Apesar dessa disparidade entre as capacidades teóricas e as capacidades reais de produção de eletricidade a partir de tecnologias verdes, o relatório da AIE mostra que estão a ser desenvolvidas em larga escala, um marco na luta contra o aquecimento global. "Estamos a testemunhar uma transformação dos mercados energéticas globais liderada pelas renováveis", diz o diretor-executivo da agência, Fatih Birol, citado pela BBC.

Esta expansão reflete as reduções de custos na instalação de painéis solares e moinhos de vento em terra firme, um avanço "impressionante" que seria "impensável há cinco anos", é referido no documento. A tendência de queda dos preços destas duas tecnologias deverá continuar, com a AIE a antecipar que venham a representar três quartos do futuro crescimento das energias renováveis a nível global. O investimento em hidroeletricidade também deverá continuar a crescer mas a um ritmo mais lento do que até agora.

A par da queda dos custos, a agência aponta como motores deste avanço políticas sustentáveis adotadas por vários Governos que passam por garantir incentivos financeiros às empresas que apostam em fontes renováveis de energia, exemplo dos Estados Unidos, que alargou os créditos fiscais. A Índia, a China e o México são apontados como os que mais contribuíram para as perspetivas de crescimento do setor.

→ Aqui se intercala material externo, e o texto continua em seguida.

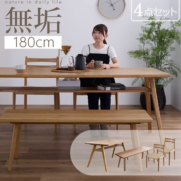 ダイニングテーブル テーブル 4点セット 180幅 天然木 肘なし ベンチ オーク 無垢材 収納棚付き 棚付き / 長方形 無垢材 北欧 シンプル モダン 4人 180 ダイニング テーブル おしゃれ ナチュラル 木製 無垢 食卓テーブル 北欧 通販
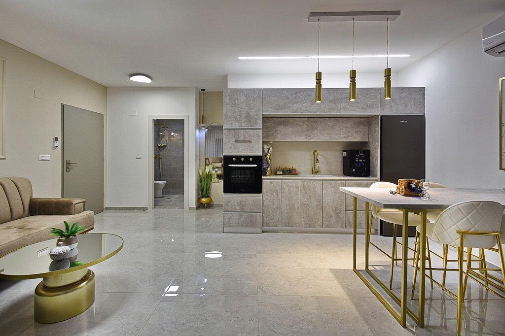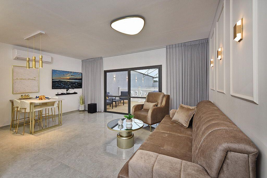 הסוויטה מתאימה לזוגות עם עד 3 ילדים, וכוללת חדר שינה אחד לצד חלל בילוי מרווח. הסלון מזמין לישיבה נוחה מול טלוויזיה גדולה והמטבח חדיש ומעוצב, מאובזר לבישול מלא, וכולל פינת אוכל ל-4 סועדים. בעיצוב המקום הושקעה מחשבה מעמיקה, כשלצד הריהוט המעוצב תמצאו גם גופי תאורה יוקרתיים. חדר הרחצה מרווח ונעים, מעוצב בשיש וזכוכית עם ברזים מוזהבים.
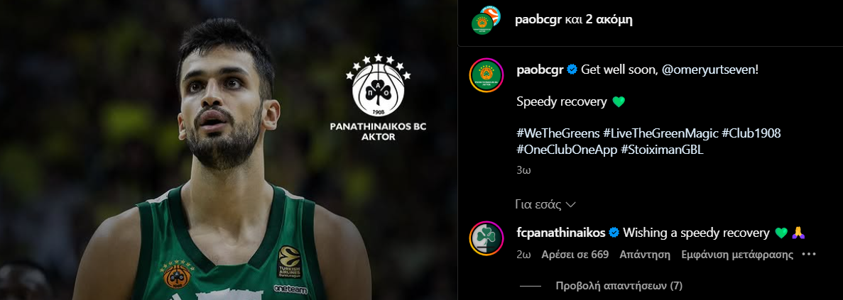 Η ΠΑΕ Παναθηναϊκός έστειλε τις δικές της ευχές για ταχεία ανάρρωση στον Ομέρ Γιουρτσεβέν μέσω της ανάρτησης της «πράσινης» ΚΑΕ.
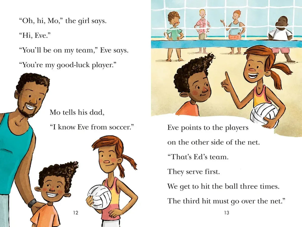 Mo and his parents are enjoying a sunny day at the beach! When the water is too cold to swim, Mo and his dad go for a walk and run into some of Mo's friends who are playing volleyball. After learning the rules, Mo and his dad join in to serve, set, and spike the ball. When the score is tied, will the smallest boy on the team be able to secure the game-winning point?
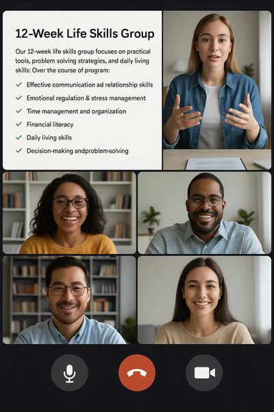 Our 12-Week Life Skills Virtual Group is designed to equip participants with the practical tools, problem-solving strategies, and personal confidence needed to navigate everyday life successfully.
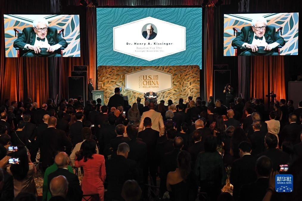 10月24日,美國(guó)前國(guó)務(wù)卿基辛格(中)在紐約舉行的美中關(guān)系全國(guó)委員會(huì)年度頒獎(jiǎng)晚宴上講話(huà)。新華社記者 李睿 攝
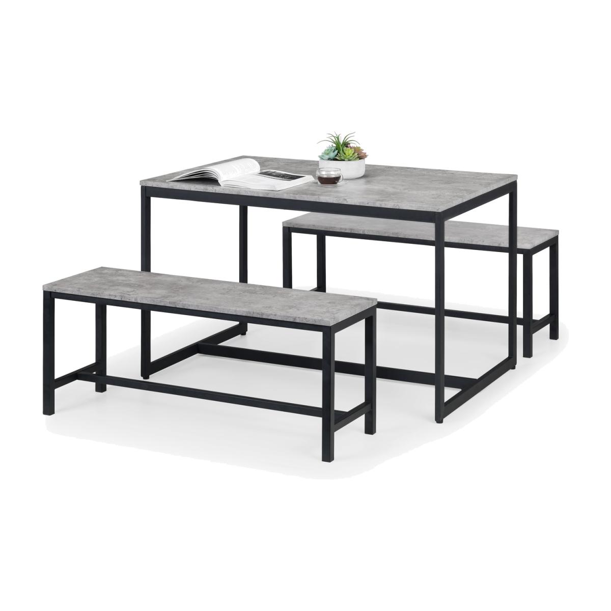 Table Dimensions H75 x W80 x D120cm Bench Dimensions H45cm x W110 x D36cm Simplistic in design with a contemporary style the Staten Dining Set will add a stunning industrial look to any living and dining area. Constructed from a black coated metal frame complemented by a striking concrete effect tops to create a very stylish modern product. Featured with two Staten benches. Features. Black coated metal frame and concrete effect foil. Strong and durable construction Modern design suitable for a range of décor Part of the Julian Bowen Staten dining and Occasional range. Assembly required..
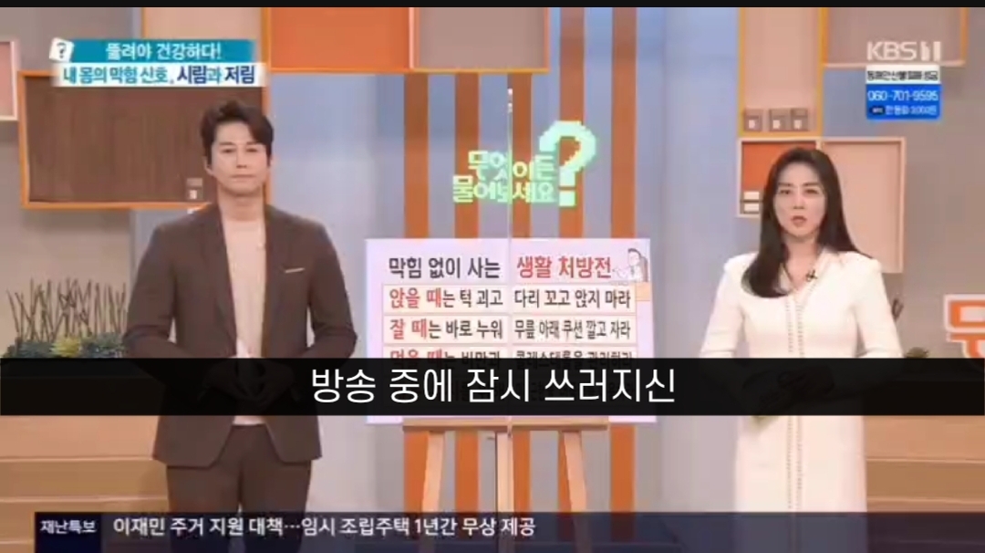 [방송사고]KBS '무엇이든 물어보세요' 생방송 도중 출연자 실신 full 영상

No relatório é explicado que o foco das energias renováveis está a mudar-se para os mercados emergentes, com a China à cabeça, "que continua a ser o líder global indisputável da expansão das energias renováveis, representando quase 40% do crescimento".

Apesar da nota positiva, Birol sublinha que os esforços e a aposta no setor continuam a ser insuficientes. "Até as mais altas expectativas continuam a ser modestas quando comparadas com o enorme potencial explorado das renováveis", refere. No relatório, a agência sublinha que também deve ser dada mais atenção às possibilidades de aplicação da eletrcidade verde. Casos como o setor dos transportes ou de aquecimento mostram que "o progresso da penetração de renováveis continua lento".

A concluir, o organismo sublinha que, para se cumprirem os objetivos delineados pela comunidade internacional em cimeiras do clima como a de dezembro passado em Paris, "são necessárias taxas mais altas de descarbonização [o que se traduz na substituição de combustíveis fósseis] e uma penetração acelerada das renováveis na totalidade dos três setores — eletricidade, transportes e aquecimento."